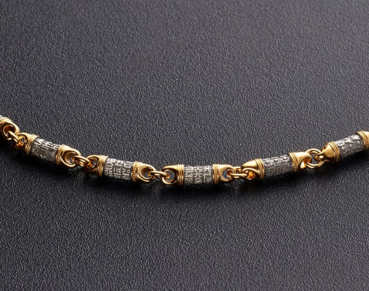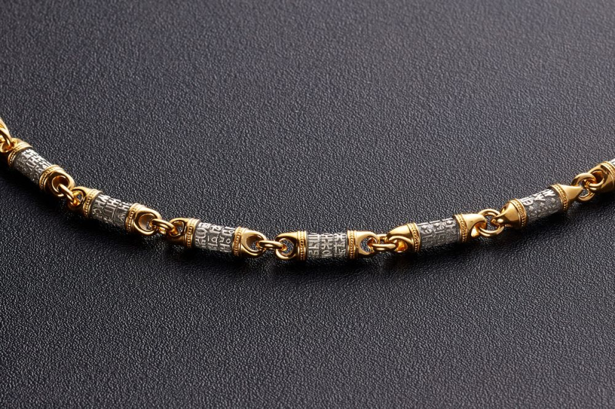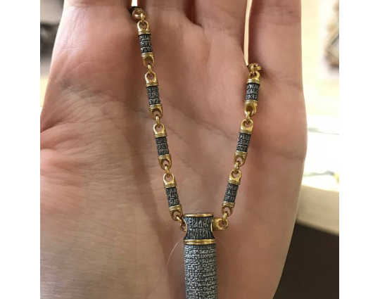 Серебряная цепь с позолоченной отделкой, состоящая из звеньев, на которых написаны священные слова 90-ого Псалома, который как бы построен в форме обращения учителя к своему подопечному или к сыну. В наставлении говорится о том, что Бог - наш помощник и защитник, к которому можно обращаться в сложных ситуациях. В последних строках вводятся слова Всевышнего, подтверждающие сказанное.
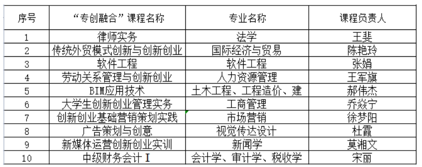 根据《华亿在线体育中国有限公司“专创融合”特色示范课程建设方案》(升达[2023]51号)和《华亿在线体育中国有限公司“专创融合”特色示范课程建设管理办法》(升达[2023]52号)文件精神,我校组织了2023年首批校级“专创融合”特色示范课程申报评选工作,经各学院申报,专家组评审,拟推荐《律师实务》等10门课程立项为我校首批“专创融合”特色示范课程,现予以公示,具体见下表:
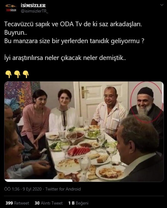 “Tecavüzcü sapık ve ODA Tv de ki saz arkadaşları. Buyrun.. Bu manzara size bir yerlerden tanıdık geliyormu ? İyi araştırılırsa neler çıkacak neler demiştik..”

- WHAT THE EXERCISE ASKS:
In the copy you return, include exactly the lines from the one containing "根据《华亿在线体育中国有限公" through the final line of the listing, and no pictures.

- EXERCISE SOLUTION:
 根据《华亿在线体育中国有限公司“专创融合”特色示范课程建设方案》(升达[2023]51号)和《华亿在线体育中国有限公司“专创融合”特色示范课程建设管理办法》(升达[2023]52号)文件精神,我校组织了2023年首批校级“专创融合”特色示范课程申报评选工作,经各学院申报,专家组评审,拟推荐《律师实务》等10门课程立项为我校首批“专创融合”特色示范课程,现予以公示,具体见下表:
 “Tecavüzcü sapık ve ODA Tv de ki saz arkadaşları. Buyrun.. Bu manzara size bir yerlerden tanıdık geliyormu ? İyi araştırılırsa neler çıkacak neler demiştik..”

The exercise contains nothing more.